A prospective observational study by Kamal et al. showed the raised values of serum troponin I (4.90 ± 3.20) and CK-MB (17.69 ± 12.70) for risk stratum in post-MI patients (14). The aforementioned study selected 60 patients with a recent history of angina identified as Q-wave MI and non-Q-wave MI by standard echocardiography and cardiac markers within 24 hours of the onset of cardiac arrest admitted to a coronary care unit (14). The present collected the samples of those patients who were newly admitted to ICU and evaluated the serum cardiac troponin T (2006.19 pg/mL), troponin I (3011.63 pg/mL), and CK-MB (42.37 u/L) in the patients within 24 hours for further oxidative estimation.
Kedare and Singh in 2011 described that the DPPH assay is the most common and has become the first approach to assess the inhibition of oxidative stress (20). The main principle of the reaction is accompanied by the color replacement of DPPH evaluated at 517 nm, and the discoloration acts as an indicator of antioxidant efficacy (20). To keep this mechanism of action in mind, the present study also selected DPPH radical scavenging assay to inhibit the oxidative stress for MI patients. Janaszewska and Barotsz performed a DPPH assay for the first time on human plasma in 2002 (21). They collected 20 samples of healthy individuals (15 males and 5 females). All the volunteers were young, 13 of whom were smokers.
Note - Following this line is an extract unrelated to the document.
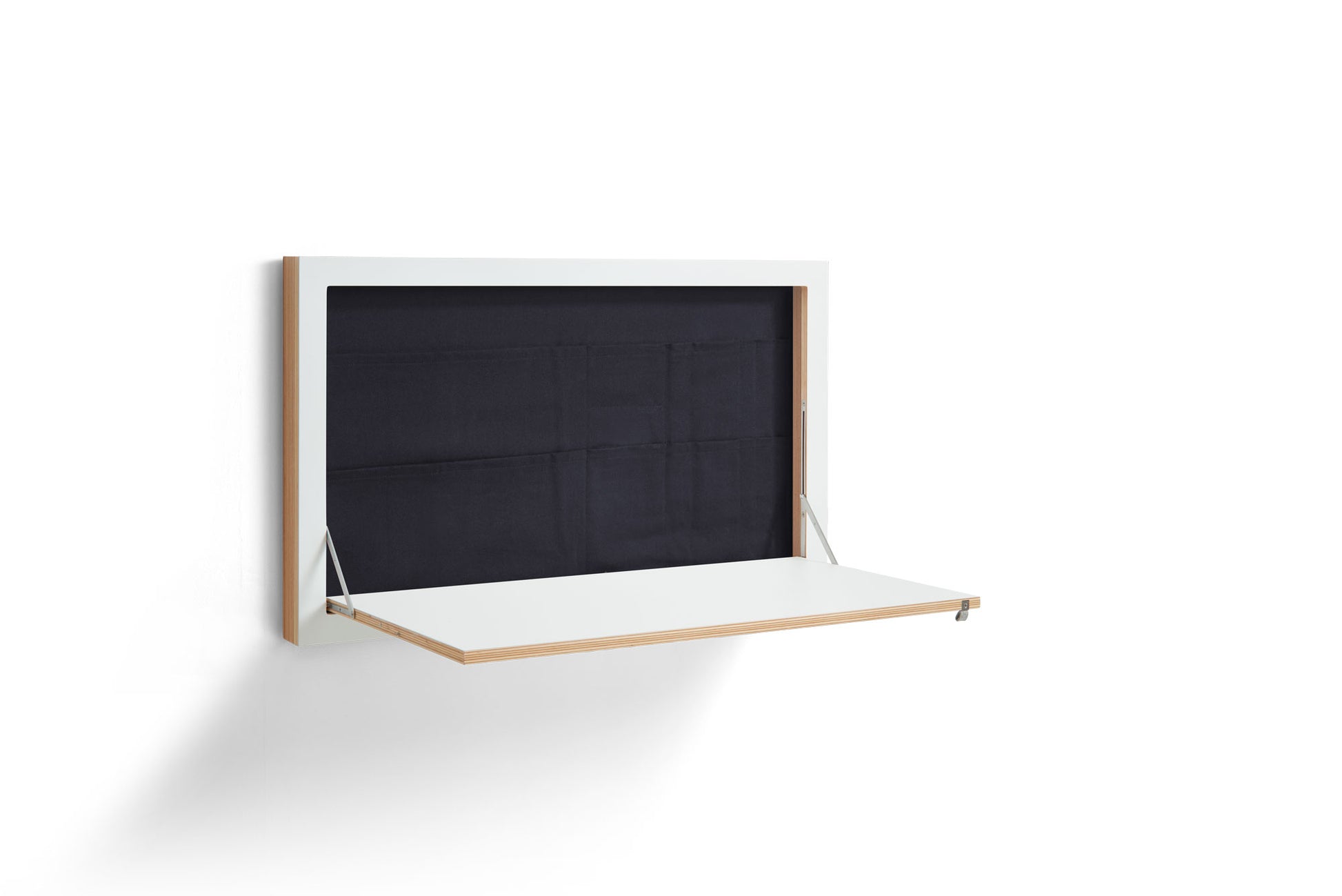 A lot of work requires a lot of space. But only until it is done. That's why we now have the large Fläpps Secretary (100x60-1). After work, this fully-grown desk folds back up so discretely against the wall that you can no longer see anything of your work.

The inhibition was measured at 520 nm by a spectrophotometer (21). Similarly, the current study also applied DPPH to human serum, and the current study’s sample size was highly larger, as described in the previous study. This study included the samples of 53 MI-positive patients, male and female, and inhibition was checked by a spectrophotometer at 520 nm, which showed 91.73 % inhibition in MI patients.
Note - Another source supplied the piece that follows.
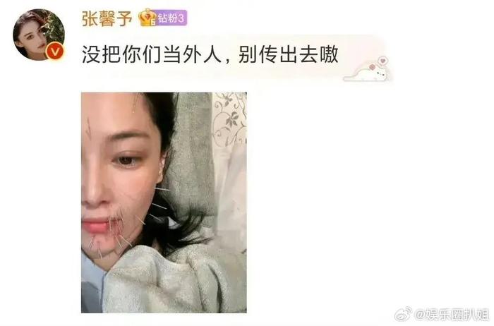 10月30日,張馨予在個人社交賬號上曬出做針灸的自拍照,引發(fā)網(wǎng)友關(guān)注。照片中張馨予躺在床上,曬出半張臉,他的臉上插滿了治療用的針,看起來像是刺猬一樣。

Mal et al. compared demographically the lipid profile of two groups in 421 participants, including the patient group (MI patients, n = 212) and the control group (non-MI patients, n = 209) (22). The TC and LDL were remarkably elevated in patients with MI. Nonetheless, HDL was lower in patients with MI. There was no remarkable difference between TG in both the control and patient groups (22). However, in the current study, the samples of positive MI patients were collected based on the non-random sampling technique, and the values were confirmed by normal ranges as provided according to the protocol. The TC (228.68 mg/dL) and LDL (119.05 mg/dL) were remarkably elevated, and HDL (33.67 mg/dL) was lower in patients with MI. It was observed that TG values (187 mg/dL) were near the borderline in MI patients. Therefore, according to this scientific research study, lipid peroxidation is a life-threatening marker for the destruction of the myocardial membrane, which was positively proved by the high level of cardiac profile and lipid profile.
5.1. Conclusions
The current study mainly investigated the role of oxidative stress in MI patients based on the variation in biochemical parameters. According to the obtained results, ROS might be the causative agent of MI with elevated levels of cardiac profile and lipid profile. Therefore, it is concluded that if an antioxidant medication is used as administrative content for MI patients, it would be helpful for the treatment of MI patients. Additionally, the present study would help the researchers to perform further research on oxidative stress and be useful for pharmaceutical purposes.